Please use the space provided to explain your answers to the questions above. You may also include additional comments for the author, including concerns about dual publication, research ethics, or publication ethics. (Please upload your review as an attachment if it exceeds 20,000 characters)

Reviewer #1: 1) The manuscript is a straightforward application of the urban scaling framework --- with insufficient argumentation as to why urban form should exhibit scaling behavior. Vague invocations of cities as complex systems---a claim which is not at all informative---do not constitute an argument as to why urban form should conform to a scaling relationship.

2) There is an established argument (derivation) as to why urban infrastructure should exhibit scaling behavior---see Lobo et al (2020) in Urban Studies. The manuscript exhibits ignorance of recent work in urban scaling.

3) The authors refer to a non existing controversy regarding the importance of urban delineation for investigating scaling: cities as social networks embedded in physical space should exhibit scaling; but not administratively defined city entities.

4) The connection of the presented results and urban planning is superficial and does not reflect how scaling results can inform urban policy.

5) The study of urban scaling over time is a topic of active work which the authors do not invoke; see, for example, https://royalsocietypublishing.org/doi/pdf/10.1098/rsif.2019.0846.

Reviewer #2: The paper entitled ‘A Scaling Investigation of Urban Form Features of Latin America Cities’ examine the investigates the urban scaling behavior in Latin American cities. Particularly, it focuses on the relationship between the physical urban form features with the population size of the cities. In general, the paper contributes interesting findings from the Latin America region. The current manuscript has a few weaknesses.

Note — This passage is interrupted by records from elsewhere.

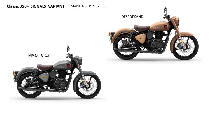 The Classic Signal series, available in Marsh Grey and Desert Sand, continues to celebrate Royal Enfield’s association with the armed forces.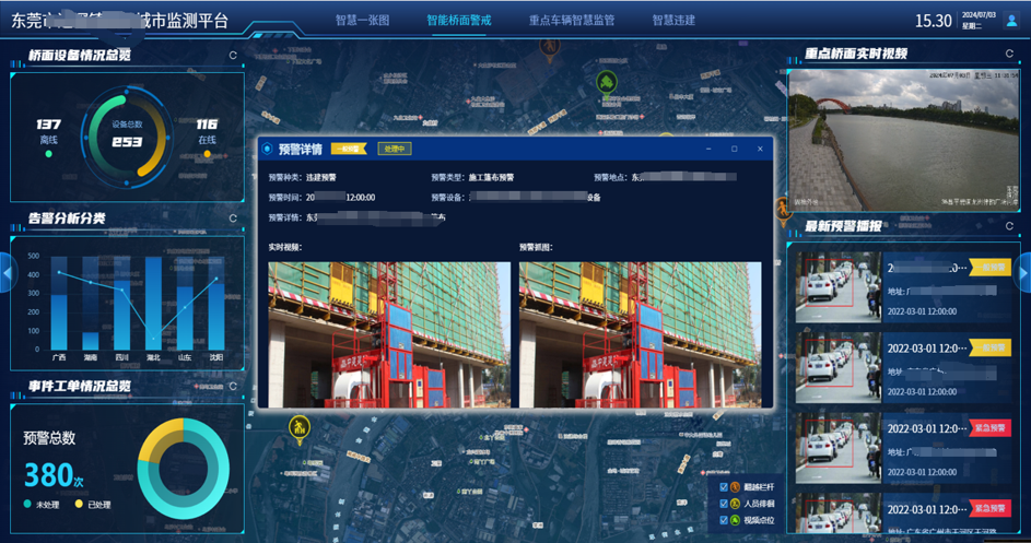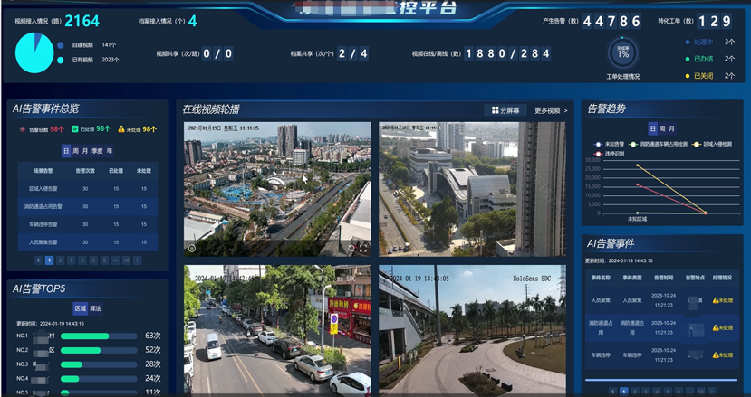 集成了人工智能技术及视频监控能,可接入智慧城市海量视频监控数据,通过视频安全加密技术实现端到端的视频安全传输,再输出至AI中台进行预警分析,根据行业需求进行多算法编排,输出告警工单流转到智慧城市市场监督、城管、教育、交通、消防、应急、水利等部门进行及时处理。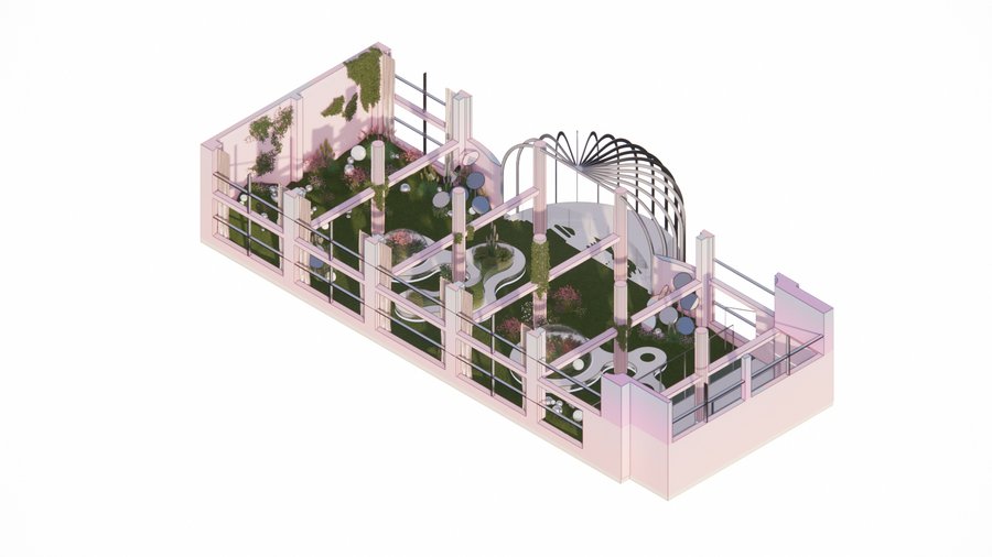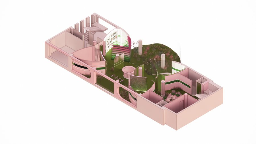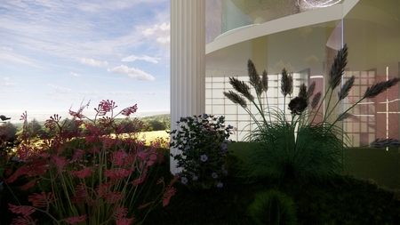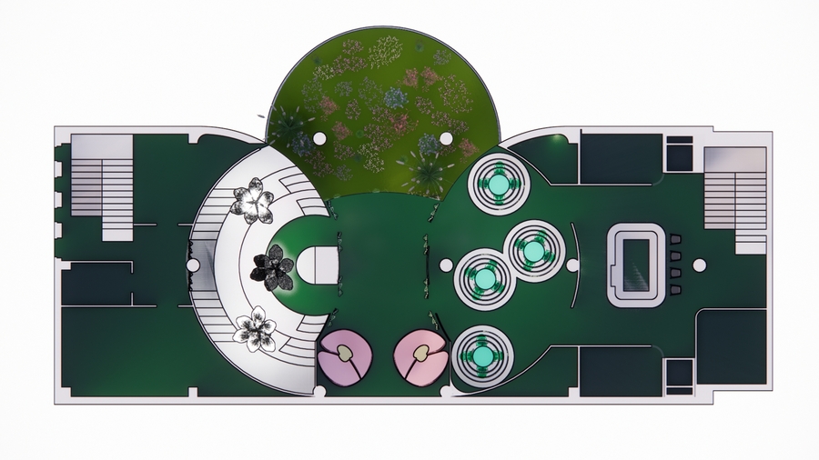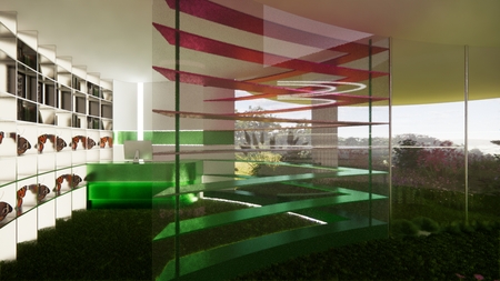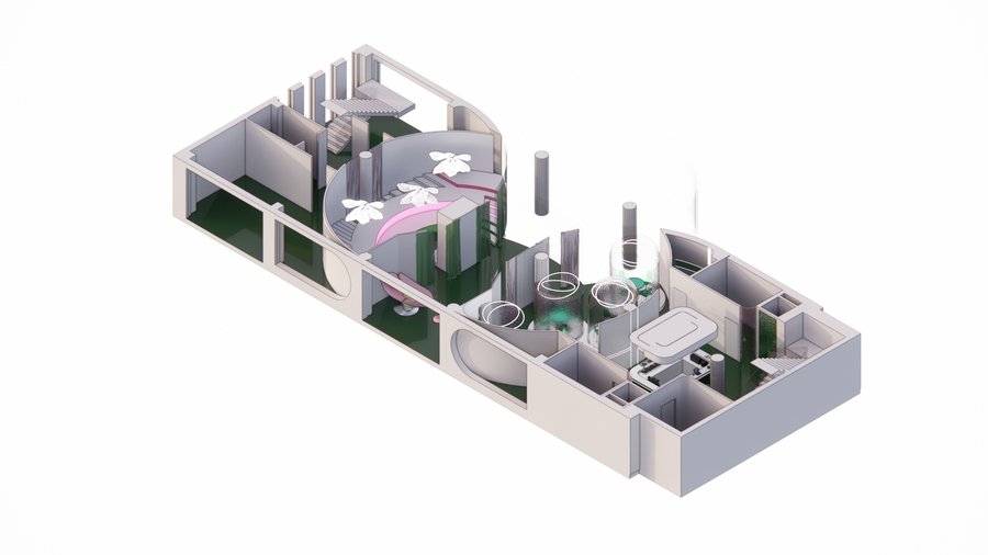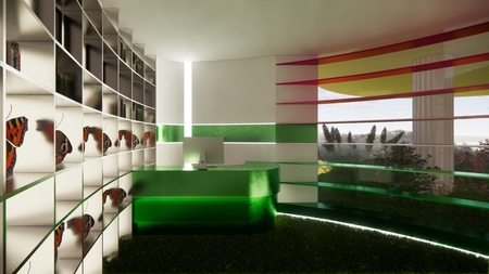 В основу планировочного решения лег принцип симметричных крыльев бабочки, которые возведены в пространстве и обыграны при помощи стеклянных перегородок. Нововведением в исходный план так же стала теплица со вторым светом, где обитают крылатые насекомые. Ее можно посетить пройдя через ресепшн в холле первого этажа, а наблюдать со смотровой площадки второго.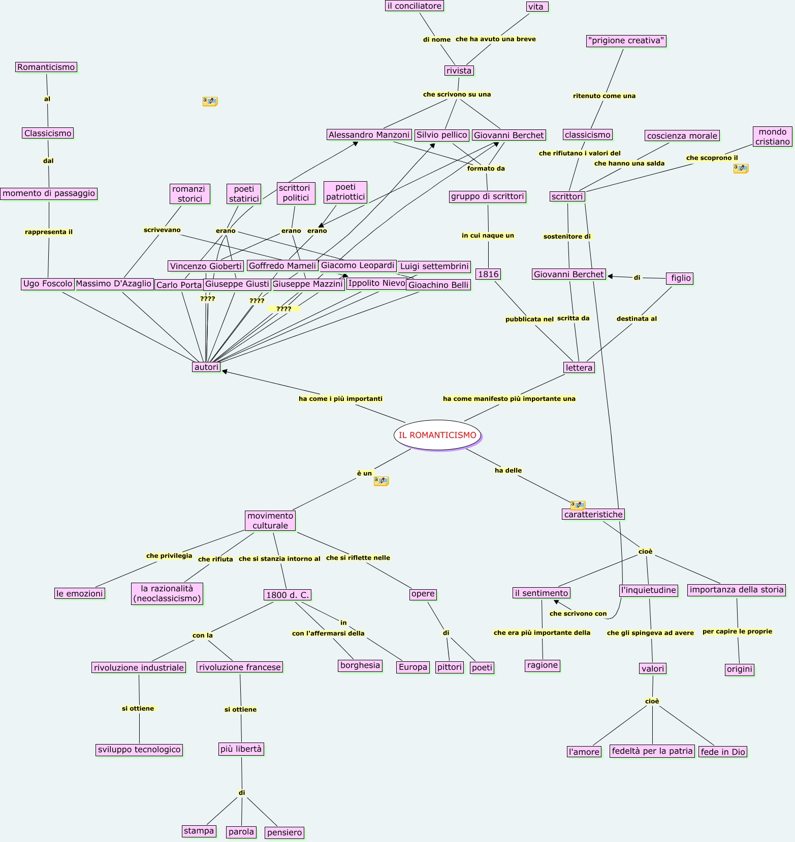 Questa Cmap, creata con IHMC CmapTools, contiene informazioni relative a: il romanticismo (bettina), rivoluzione industriale si ottiene sviluppo tecnologico, autori ???? Alessandro Manzoni, momento di passaggio dal Classicismo, figlio di Giovanni Berchet, scrittori che scrivono con il sentimento, Romanticismo al Classicismo, autori ???? Vincenzo Gioberti, lettera scritta da Giovanni Berchet, scrittori che scoprono il mondo cristiano, 1800 d. C. con la rivoluzione francese, più libertà di parola, valori cioè fedeltà per la patria, Giuseppe Mazzini erano scrittori politici, autori ???? Silvio pellico, più libertà di stampa, autori ???? Goffredo Mameli, gruppo di scrittori formato da Alessandro Manzoni, valori cioè l'amore, lettera destinata al figlio, caratteristiche cioè l'inquietudine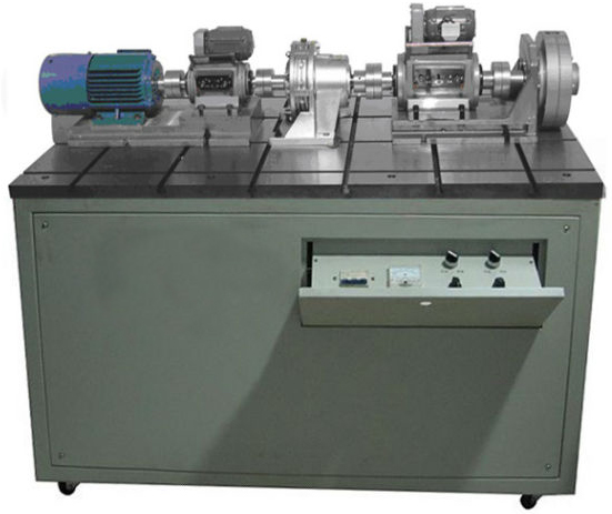 2、驅動(dòng)源:采用直流調速電機,其動(dòng)力輸出端可聯(lián)接帶、鏈聯(lián)軸器等,另一端聯(lián)接光柵角位移傳感器,其圓周方向有測力傳感器,可檢測動(dòng)力輸出的扭矩和速度;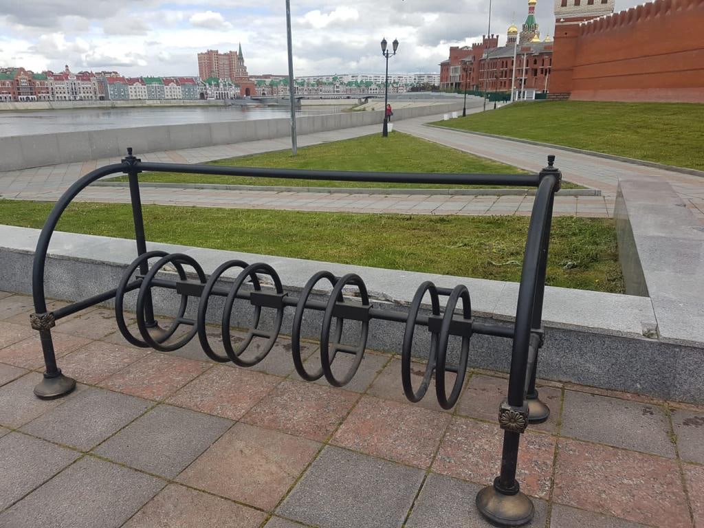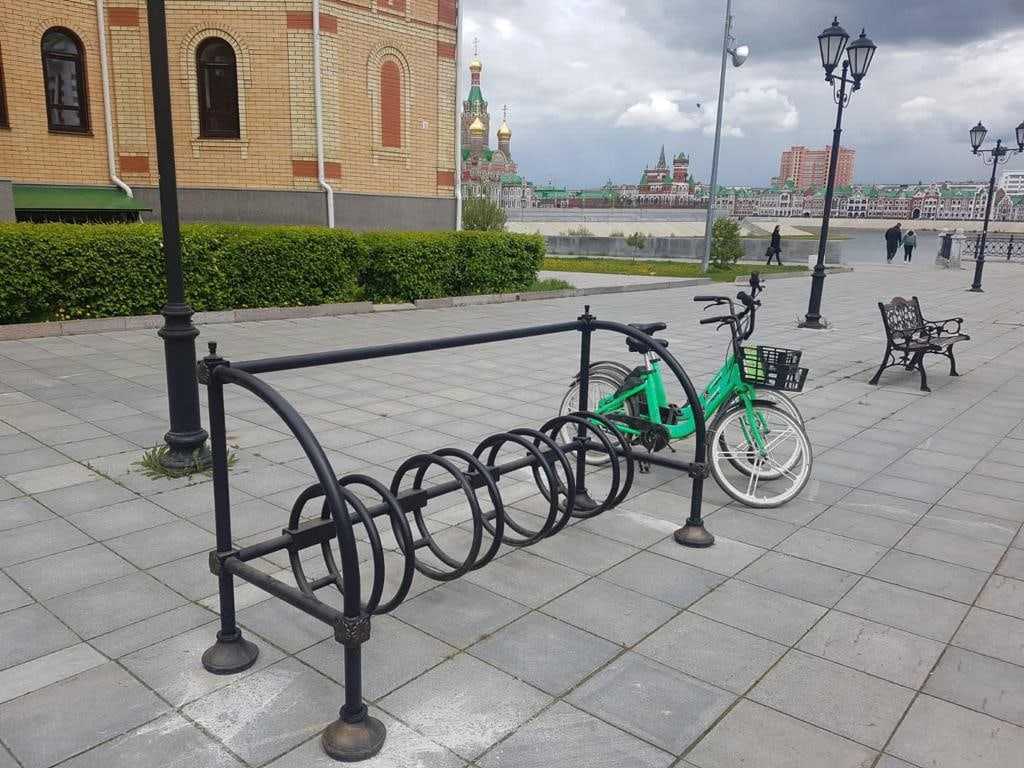 Здесь уже установили велопарковки и приступили к сборке пергол (тканевых навесов).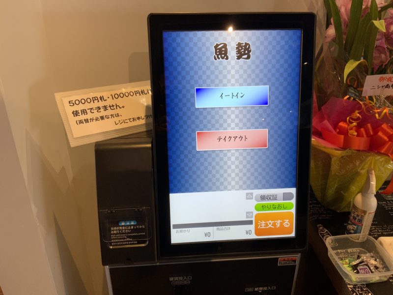 注文は奥にある食券機で。イートインだけでなく、テイクアウトもここで注文できます!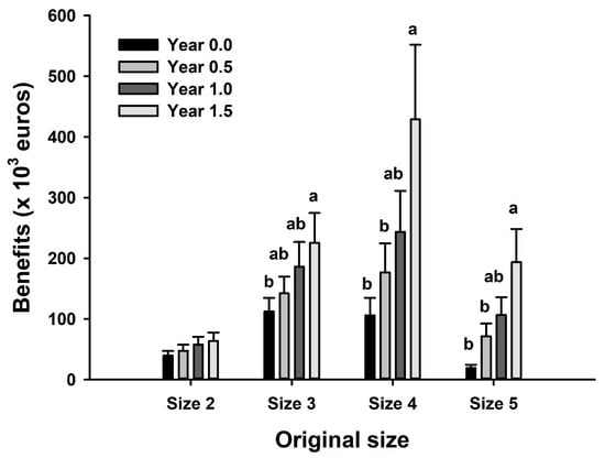 As a theoretical exercise, we calculated the possible economic benefits that would be achieved after capture–release–recapture. The considered survival rates for the rubberlip grunts captured by the artisanal fleet of Conil were 100% (according to the results from this study). The calculations are based on what would happen if caught individuals under 3 kg in weight were released (starting from the size they reach the maximum prices). The possible benefits calculated take the following into account: (i) the money obtained from the sale of individuals of each size in the year in which they were captured (original earnings); (ii) the sale price per kg in the year in which they would be recaptured (calculated profits); and (iii) the averaged prices of the entire historical series contemplated in this study. Thus, Figure 4 shows that the maximum economic benefit would occur if all size 4 and 5 individuals (<1 kg in weight) were released back into the ocean and recaptured for sale after 1 to 1.5 years (reaching 1–1.8 kg per fish). Adding the sales of these recaptured animals that would otherwise be sold as sizes 4 and 5 would give around 234 to 960% of benefits per year, which would result in an additional EUR 87–323 thousand per year. Moreover, those animals of size 3 that were around 1 kg of weight would increase 15% in body mass after 6 months in the wild, and this would then result in economic benefits of 26% in the market (around EUR 30,000 extra per year).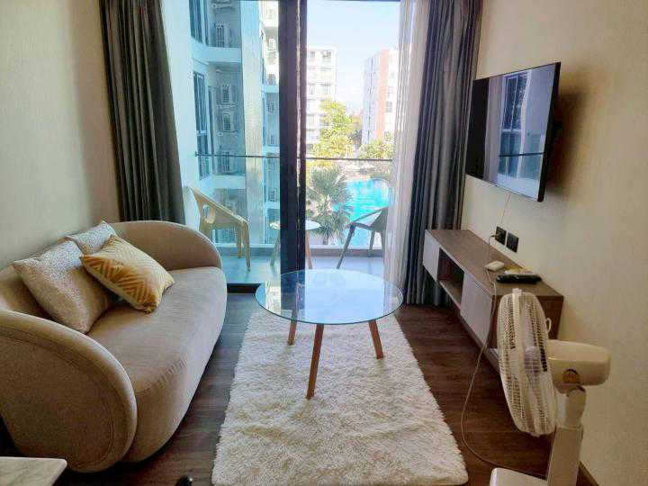 House spec : 1 Bedroom, 1 bathroom, 37 sq.m. at business location not far from Meechok Plaza, Arcade Bus Station, Big C Extra and McCormick Hospital. 1 卧室,1 浴室。面积 37 平方米。 Furniture -Air conditioner 2 -Hot shower 1 -Bed 1 -Wardrobe 1 -Loungeset 1 -Dining table 1 -Television 1 -Refrigerator 1 -Microwave 1 -Washing machine 1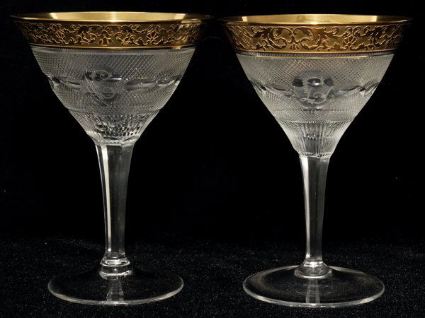 Sold12 Moser Czech Cut Crystal Glass Martini Tall Sherbet Goblets Gold Splendid12 Moser Czech blown cut crystal glass martini tall sherbet goblets in Gold Splendid. Gold encrusted foliate leaves to top rim. Frosted engraved crosshatched exterior with horizontal thumbprint circulSee Sold Price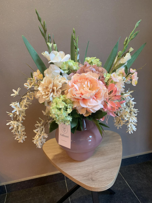 Glazen lila vaas gevuld met groene viburnum, zalme pioenen, witte gladiolen, beige lilium, roze cleome, roze hortensia, beige dahlia, zalme bloesem Hoogte: 60 cm Breedte: 60 cm
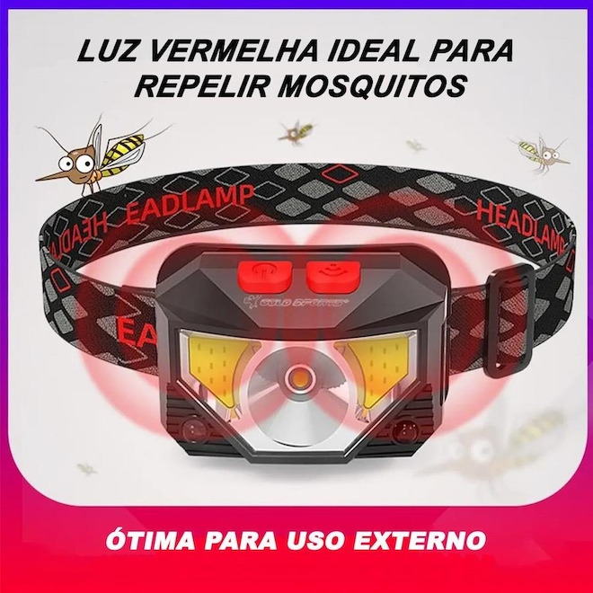 Lanterna de Cabeça Gold Sports Holofote Pro Recarregável 8 Model Bateria de Lítio a Prova de Água

(1) At the first paragraph of page 3 mentioned about L3 level of analysis. But it does not include in the current study? Meanwhile, 5th Row of the second paragraph of the Descriptive Statistics section – ‘Table 3 shows the obtained results using the three L1 city definitions’ is not consistent with the label appears in Table 3 (L1AD, L2, L1UX). Further, the last paragraph of Descriptive Statistics section, L1AM is mentioned without any proper definition. Therefore, I think it would be great to adopt a set of clear and consistent labels for the different level of urban scaling analysis. Perhaps, using an additional figure or table could illustrate the definition ease readers to read and comprehend.

(2) For Scaling Analysis section, the discussion of the result does not truly reflect what it appears from the Table 4 and 5. For an example, the following discussion does not exactly explain the Table 4 results.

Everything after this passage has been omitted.